不動産経済研究所の「超高層マンション動向2023」によると、全国で2023年以降に、完成が予定されている超高層マンション(20階建て以上)は287棟に上り、1年前に比べて23棟増加しています(2023年3月末時点)。そのうち東京23区内は113棟になります。東京都心部や湾岸エリアだけでなく、地方中核都市でも超高層大規模開発や複合再開発プロジェクトなどが数多く控えているとのことで、今後もタワーマンションの建設は増えていくと思われます。
このように、タワーマンションが増え続けている中で、気になるのがタワーマンションのその後です。国土交通省の「マンションを取り巻く現状について」の資料によると、超高層マンション(20階以上のマンション)は2000年代に入ってから大幅に増加しており、特に2003~2010年に多く供給され、これらのマンションの多くが大規模修繕工事を行う時期になっていると指摘されています。
さらに、同資料には、高層マンションは賃貸の割合がマンション全体に比べると高く、また、区分所有者の通常総会への出席率もマンション全体よりも低い傾向があるとの調査結果もあり、大規模修繕工事に向けて合意形成が困難になることが予想できます。
都心のタワーマンションは投資目的で所有されているケースも多く、海外在住の区分所有者も一定数いると思われます。そうした人たちにマンションの運営に関する決議の合意を取ることが難しいことは容易に想像できます。
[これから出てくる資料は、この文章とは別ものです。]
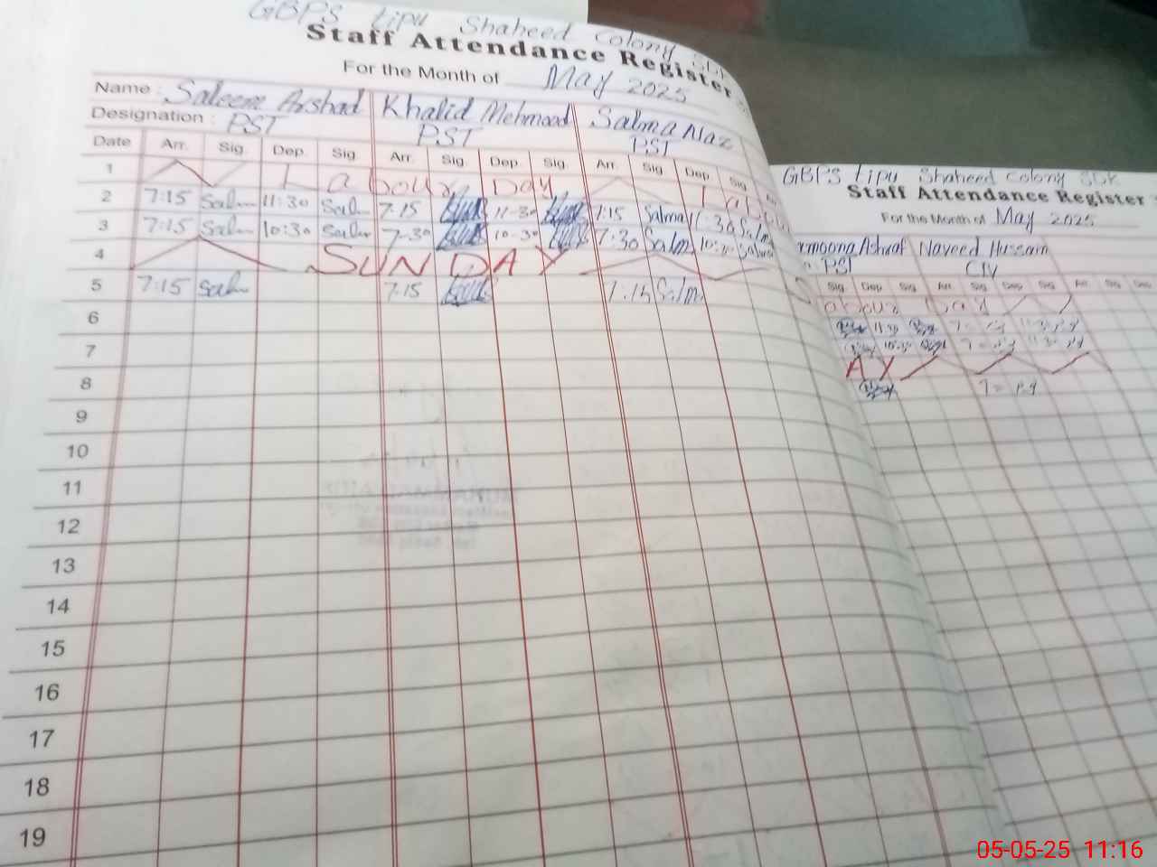 | CNIC | Full Name | Designation | R/C | Absence During Last Calender Month |

資産価値が高いと思われるマンションほど、投資を目的に買われるため、実際に住んでみたら、お隣は賃貸、そのお隣は居住実態がないなど、住み心地がいいとは言い難い状況になることもあります。特に新築マンションは住み始めるまで分からないので注意が必要です。
まとめ
東京でタワーマンションに住むためには、少なくとも年収1,000万円程度が必要であり、月々の維持費は5万円から10万円はかかると見ておいた方がいいことをお伝えしました。
マンションは立地や価格、広さなどで、住人の属性が変わってきます。投資物件は都心が人気であり、ファミリータイプのマンションは郊外に多くあります。住んでいる人たちの傾向はそれぞれのタワーマンションで違いがあります。憧れだけではなく、長く住み続けられるかどうかも考えて選択したいものですね。